Et cela n'a pas pris longtemps.

D'abord, il y a eu la conférence de presse du chef de la police de San Diego, Scott Wahl, quelques heures après les meurtres de l'agent de sécurité Amin Abdullah, du commerçant et gardien de la mosquée Mansour Kaziha et de Nadir Awad, un voisin de la mosquée dont l'épouse y était institutrice de maternelle. Wahl a déclaré que les meurtres ayant eu lieu dans un lieu de culte, la police de San Diego traitait l'affaire comme un crime de haine jusqu'à ce que plus d'informations sur le mobile puissent être trouvées.

En 72 heures, le mobile est devenu plus clair avec la découverte d’un manifeste de 75 pages intitulé « La nouvelle croisade : les fils de Tarrant », rempli de rhétorique islamophobe et anti-musulmane, de déclarations antisémites et d’incitation à la haine et à la violence, comme l’ont partagé les forces de l’ordre avec le Los Angeles Times. Tarrant fait référence à Brenton Tarrant, qui a assassiné 51 fidèles musulmans et en a blessé 89 dans deux mosquées de Christchurch, en Nouvelle-Zélande, en mars 2019.
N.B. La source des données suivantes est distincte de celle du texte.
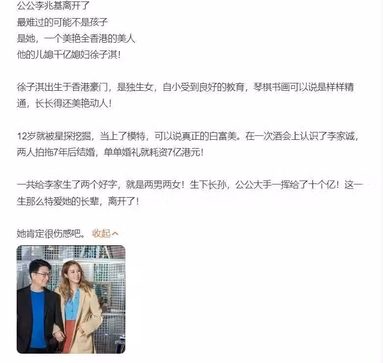 比起家族內鬥,更令徐子淇頭疼的或許是丈夫李家誠的「長情緋聞」。據港媒爆料,李家誠與一名空姐前女友育有一女,雖未被李家承認,但兩人30年來始終藕斷絲連,甚至被曝在日本豪擲千金度假。更戲劇的是,女星周秀娜也被捲入這場豪門糾葛。傳聞李家誠曾與她秘戀並誕下私生子,雖遭否認,但「嫩模逼宮」的輿論持續發酵。

Dans un examen du manifeste ainsi que des comptes de réseaux sociaux soupçonnés d’être utilisés par l’un des tireurs, le Times a constaté une haine non seulement envers les musulmans mais aussi envers les juifs, les Noirs, les Latinos et la communauté LGBTQ+, ainsi que des éloges et une idolâtrie pour les fusillades dans les écoles, le néonazisme, l’extrémisme d’extrême droite et le mouvement nationaliste blanc.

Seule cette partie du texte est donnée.